On Monday, 27 December 2021, Birger Koblitz wrote:
> Hi,
> 
> I don't think the IRQ routing has an off-by one error. This was chosen
> by John to correspond to Realtek's own "documentation" and to
> take account of the special meaning of IRQs 0, 1 for VSMP and 6 and 7
> for the Realtek SoCs. In any case it would break the ABI as the meaning
> of these values changes and I don't think the change in range actually
> gives any additional functionality.

Realtek's SDK provides routing register values. I would have to check to see what CPU IRQs it then binds to, to service those interrupts. The binding wouldn't have to change, but we could fix the driver and devicetrees.

The binding specifies that interrupt-map provides a mapping of interrupt inputs to parent interrupt. The driver then takes these values, but doesn't check what the parent interrupt controller actually is, and finally assigns a chained handler to a hardware IRQ index (instead of a VIRQ).

You can try limiting the interrupt-map to only the mapping for UART0 with the current driver, and you will find that you end up with a broken system.
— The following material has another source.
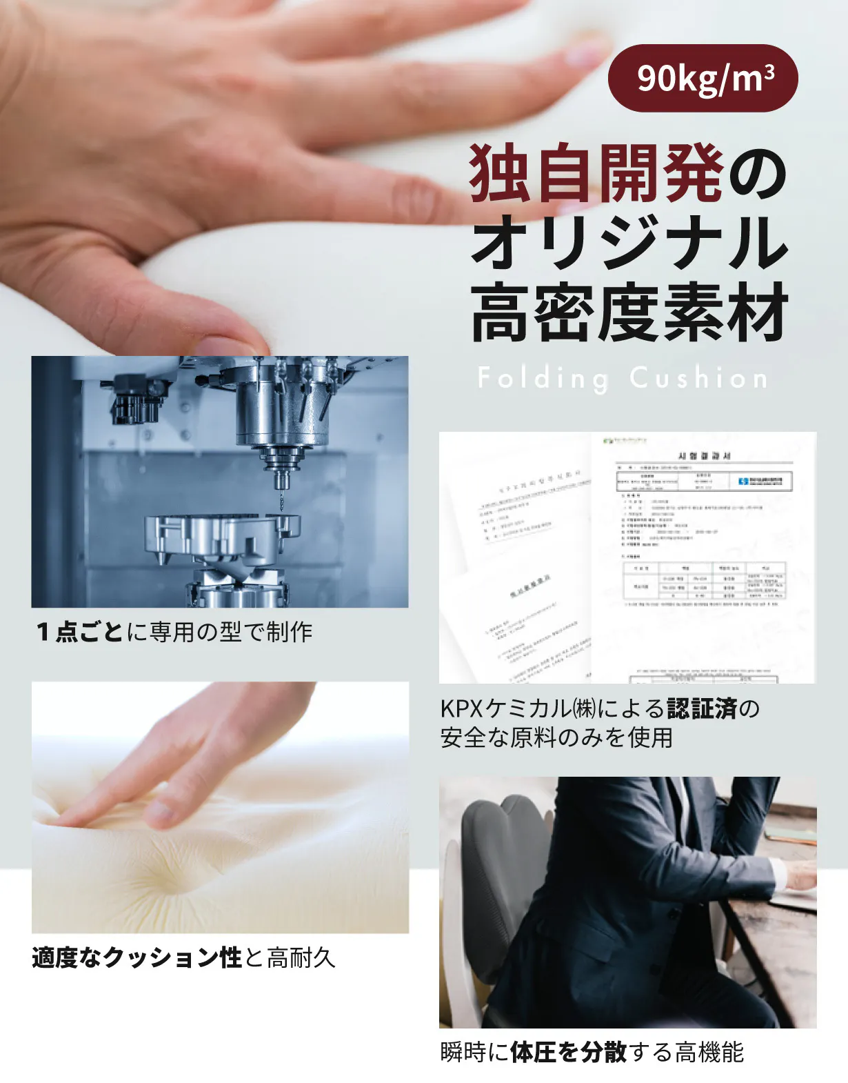 機能性クッションで最も重要な選択の基準は、フォームの材質です。同じメモリーフォームも成分配合により、品質は千差万別です。メモリーフォーム機能クッションは、硬すぎても柔らかすぎても良くありません。「Folding Cushion」では 独自開発のオリジナル高密度素材 のVISCOFOAMを使用。お尻と骨盤、太ももに加わる圧力を均等に分散・吸収し、安定して正しい姿勢を保つことが出来ます。

CPU IRQs 0 and 1 are indeed special (IPI for VSMP), yet we have interrupt mappings that contain <... &cpuintc 1>. Furthermore, if you specify a mapping of <... &cpuint 6> for an active interrupt source, you will get spurious timer (CPU IRQ 7) interrupts. This can't be correct. 
 
> With regards to the RTL8390, that SoC actually has two IRQ controllers
> to allow VSMP. The changes in parent routing have a good chance of breaking
> VSMP on the RTL8390 targets. Did you stress test this new logic under VSMP?

I haven't tested this with VSMP, because it is out of scope for this series. For the binding, I expect that would only require N register ranges instead of one; one per CPU. I think the driver should then be able to perform the IRQ balancing based on that information alone, given that the parent IRQs are available at each CPU.